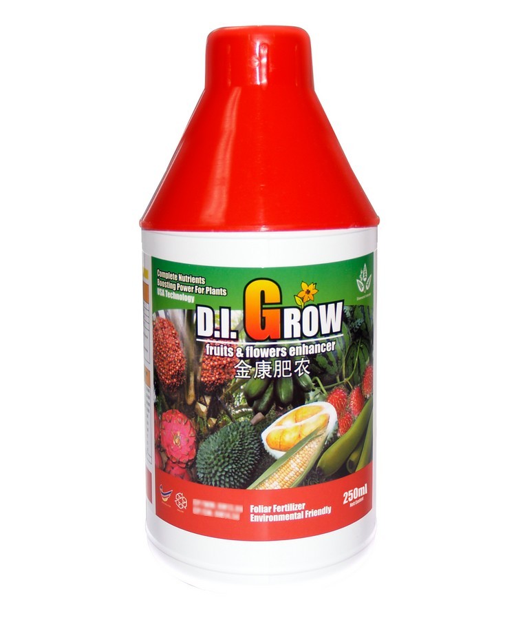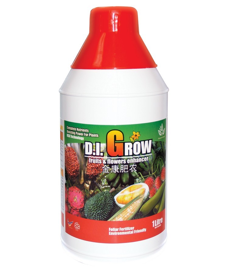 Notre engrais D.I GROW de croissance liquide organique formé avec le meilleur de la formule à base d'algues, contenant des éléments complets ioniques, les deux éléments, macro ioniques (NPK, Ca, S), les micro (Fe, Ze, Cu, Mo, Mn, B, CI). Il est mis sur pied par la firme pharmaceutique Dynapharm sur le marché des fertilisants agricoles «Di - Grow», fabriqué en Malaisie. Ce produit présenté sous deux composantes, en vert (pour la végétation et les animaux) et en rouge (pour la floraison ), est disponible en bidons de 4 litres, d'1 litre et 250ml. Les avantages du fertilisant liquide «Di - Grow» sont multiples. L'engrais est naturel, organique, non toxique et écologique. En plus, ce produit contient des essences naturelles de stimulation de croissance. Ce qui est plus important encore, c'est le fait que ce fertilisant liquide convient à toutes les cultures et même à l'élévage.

--

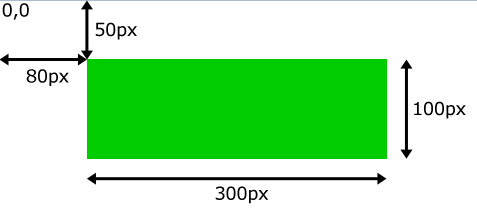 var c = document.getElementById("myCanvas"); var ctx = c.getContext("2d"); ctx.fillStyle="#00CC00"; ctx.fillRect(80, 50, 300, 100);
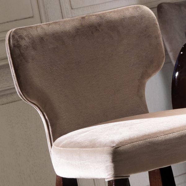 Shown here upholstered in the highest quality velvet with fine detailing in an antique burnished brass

--

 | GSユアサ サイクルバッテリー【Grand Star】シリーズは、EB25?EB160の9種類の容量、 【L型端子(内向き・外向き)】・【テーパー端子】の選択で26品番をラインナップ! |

■ Work order:
Starting at the line that contains "50, 300, 100);" and ending at the line that contains "Shown here upholstered", transcribe the material above exactly, excluding pictures.

■ Response area:
 var c = document.getElementById("myCanvas"); var ctx = c.getContext("2d"); ctx.fillStyle="#00CC00"; ctx.fillRect(80, 50, 300, 100);
 Shown here upholstered in the highest quality velvet with fine detailing in an antique burnished brass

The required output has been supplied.